新年度に向けて、習い事選びに悩む方も増えているようです。親としては、口コミやネットで調べても子どもがやらなかったらどうしようなど、なかなか決断するのが難しいですね。

そこで今回は、「将来のことを考えると子どもにいろいろ習わせてあげたいと思うのですが、自分が小さい頃習ったことは結局身になっていない気がします。どのように選んだらいいのでしょうか」というご相談に、親子コミュニケーションアドバイザーがお答えします。

習い事の目的は「努力の方法を学ぶ」ため

お子さんに何が最適な習い事なのか、もしかしたらすごい才能を見逃すことになったら申し訳ないなど、習い事の悩みはつきものです。でも、安心してください。本当に才能のあるお子さんは、親が何もしなくても自分でその道にのめり込み、努力し続けるものだからです。

私は職業柄、世界で活躍するアスリートや芸術家にインタビューする機会が多いのですが、子どもの頃の話を聞くと、その頃から違うのだとわかります。

「小学生の時にラジオから流れてきたバイオリンの音色に雷を打たれたような衝撃を感じ、親を半年かけて説得して始めた」とか、「中学まで別の種目のスポーツをしていたのに、憧れの選手を見て転向して努力を続け、遅咲きで成功した」といった小さい頃に親に習わされたかどうかは関係ない方がほとんどでした。

こういった話を聞くと、子どもの将来のために習わせなきゃと親が焦る必要はなさそうですね。そこで、習い事をする目的を変えてみましょう。
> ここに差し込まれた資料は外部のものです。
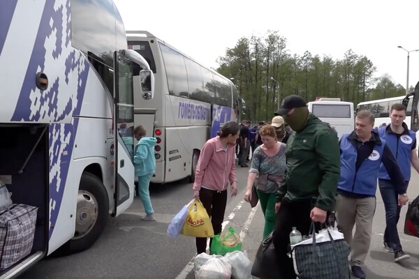 На кадрах запечатлены мирные жители в салоне автобуса, многие из которых не скрывают слез от долгожданного возвращения домой.

"そのスキルを身につける"というより、"できるようになるための努力の方法を習うため"と考えれば、少し気が楽になるのではないでしょうか。努力する方法を身につけられれば、生涯にわたって何にでも発揮できるようになります。

何を習うかよりも"誰に習うか"が重要

つまり、何を習うかよりも"誰に習うか"の方が重要です。なぜなら、努力したいと子どもが思えるような魅力的な講師や仲間に恵まれるかによって、習得できるかどうかが変わるからです。

例えば、ピアノを習うとします。
(1)ピアノを弾けるようにする技術を厳しく教え込んでくれる先生
(2)ピアノの楽しさを一緒に共有して好きにさせてくれる先生

みなさんならどちらの先生を選びますか。子どもを一流のピアニストにするなら(1)かもしれませんが、そもそも才能のある子どもならどちらでもスキルアップするでしょう。そして、私もそうでしたが、一般的には叱られながら指の体操をしても、好きにはなれない気がします。まずは、楽しさ・奥深さ・自分にもできると思わせてくれる先生に習いたいですね。

親と講師がタッグを組んで役割分担できる場合は、(1)を講師、(2)を親が請け負うこともできるかもしれません。どちらにせよ、子どもが「楽しい」「続けたい」と思えるようにスタートできるところを選びましょう。

子どもがピアノの楽しさがわかっても、家で地味に練習することが苦手な場合は、課題曲を先生が順番通りに決めるのではなく、子どもが弾きたい曲を決めて取り組めるような柔軟性のある教室を選ぶといいと思います。

決められた課題曲では練習しないお子さんも、好きな曲なら努力を惜しまずに頑張れるはずです。続けていけば、子どもは努力する方法を身につけ、その後の課題曲も練習して弾けるようになっていくでしょう。

習い事を親が決めない

習い事を選ぶうえでしてはいけないことは、親が決めることです。社会人を対象に子どもの頃の習い事について聞いたところ、親に決められた習い事については後悔している人が多い結果になりました。

「嫌だった」「時間の無駄だった」「身になっていない」「大嫌いになった」など習わせてくれたことに感謝はしているとのことですが、なかなか良い印象はお持ちでないようです。

一方で、良い印象で共通しているのは、自分(子ども)自身が決めた習い事の場合です。とはいえ、小さい子どもが自ら「◯◯したい!」ということは、あまりないかもしれません。

まずは、発表会や試合を見に行ったり一緒に体験してみたりして、お子さんの気持ちを確かめるところから始めましょう。親が習わせたいものや評判がよい教室に行かせるよう子どもを誘導したりせず、お子さんの気持ちを聞きましょう。

親「A先生のピアノ素晴らしかったね!」
親「B先生はあなたのお話をたくさん聞いてくれたね」
親「C先生は発表会に力を入れてるんだって。」
子「うん」
親「どの先生と練習したい?」
子「C先生が優しかったし、面白かった」
親「C先生はあなたの好きな曲を弾けるようにしようっておっしゃってたね」
子「うん!」
親「歩いて行けるし曜日も選べるから学校が終わってから行けるね」

上記の会話のように、子どもが選ぶポイントを整理してお話しできるといいですね。

お子さんが決めたとしてもうまくいかない場合もあります。しかし、努力する方法を模索するためだと思えば、やらせてできるようにするよりも、どんな時に子どもがやる気になるのかや、どんな言葉で乗り越えられるようになるのかを知ることができ、有意義なものとなるでしょう。

親子でいっしょに努力できるようになる、それこそが身に付けたい力なのではないでしょうか。